1/2 cup wholewheat flour
1tsp baking powder
1/4 tsp salt

1/2 cup fresh okara [if using dried okara, add about 3/4 cup of soya bean milk to reconstitute to consistency of fresh okara]
3 eggs, separate yolks and white
4 tablespoons honey [replaced with light agave syrup]
1/2 tsp vanilla

Method

1) Sift together dry ingredients.
2) Beat egg yolks, then combine with okara, honey and vanilla.
3) Stir dry ingredients into egg-okara mixture.
4) Whisk egg whites till stiff peaks form. Fold gently into the rest of the mixture.
5) Spoon into lightly oiled pan and bake at 200°C. If making cupcakes, they will take at least 20mins or until toothpick comes out clean. The high temperature gives a strong browning effect to the cake.
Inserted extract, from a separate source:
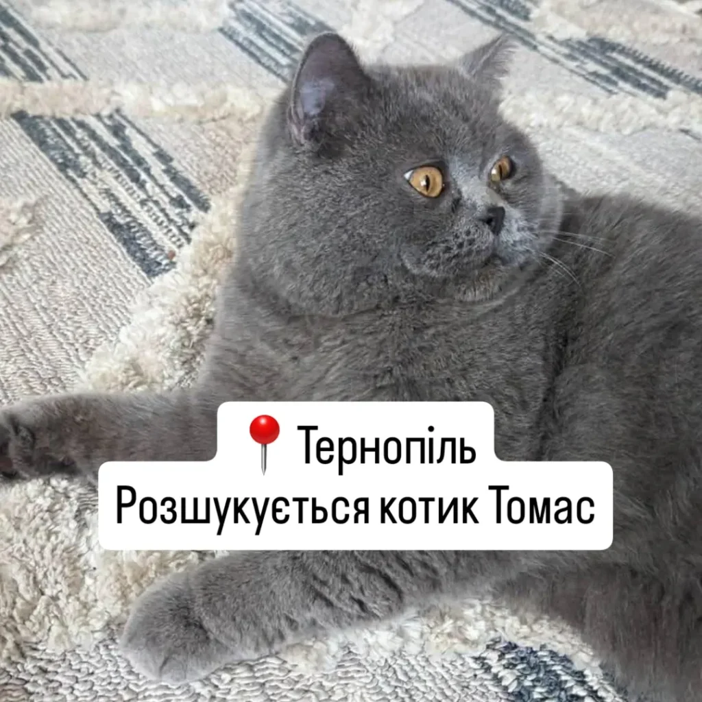 Під час удару в будинок на 15 квітня наляканий котик Томас вибіг із квартири. Господарі досі його шукають. Контакти: 0962110688, 0672936635.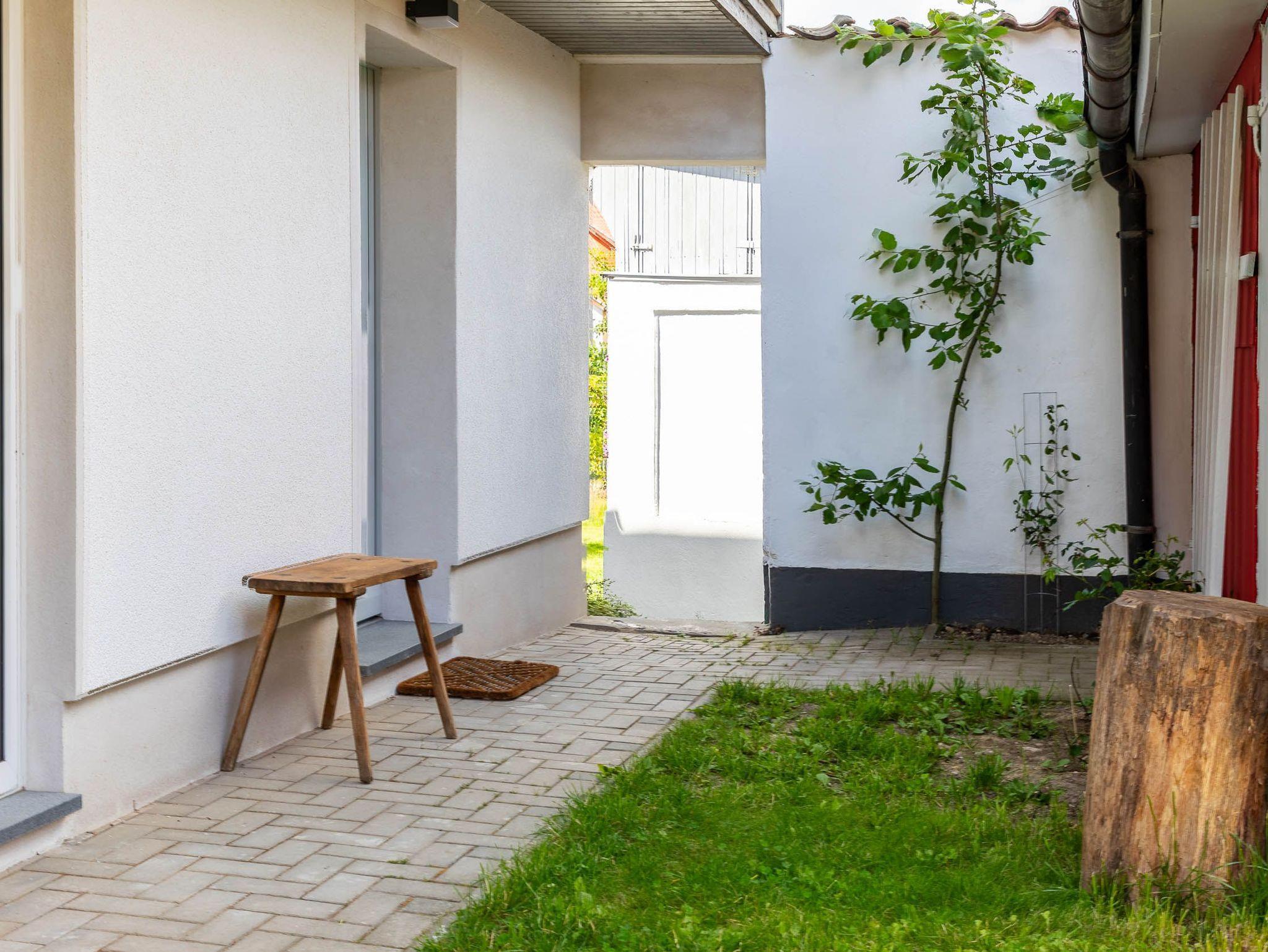 Ein Kamin sorgt für Gemütlichkeit, ein direkter Zugang führt auf eine kleine, überdachte Terrasse und in den großen Garten zur alleinigen Nutzung. Früchte, Kräuter und Blumen für den Eigenbedarf inklusive….

You can see I made this into cupcakes, which is what I normally do with cake recipes. It’s easy to freeze the batch and take out one or two for a snack bento. I usually wrap them individually in paper towels which soak up any moisture from defrosting cakes, and also help to keep them from drying out should I decide to microwave them before eating. Most of the time though, cupcakes and muffins which defrost on their own inside my snackbox taste great without any microwaving at the time of eating.

Next time, I won’t use paper casings. As there’s no fats in this cake, it sticks like crazy to the paper :P.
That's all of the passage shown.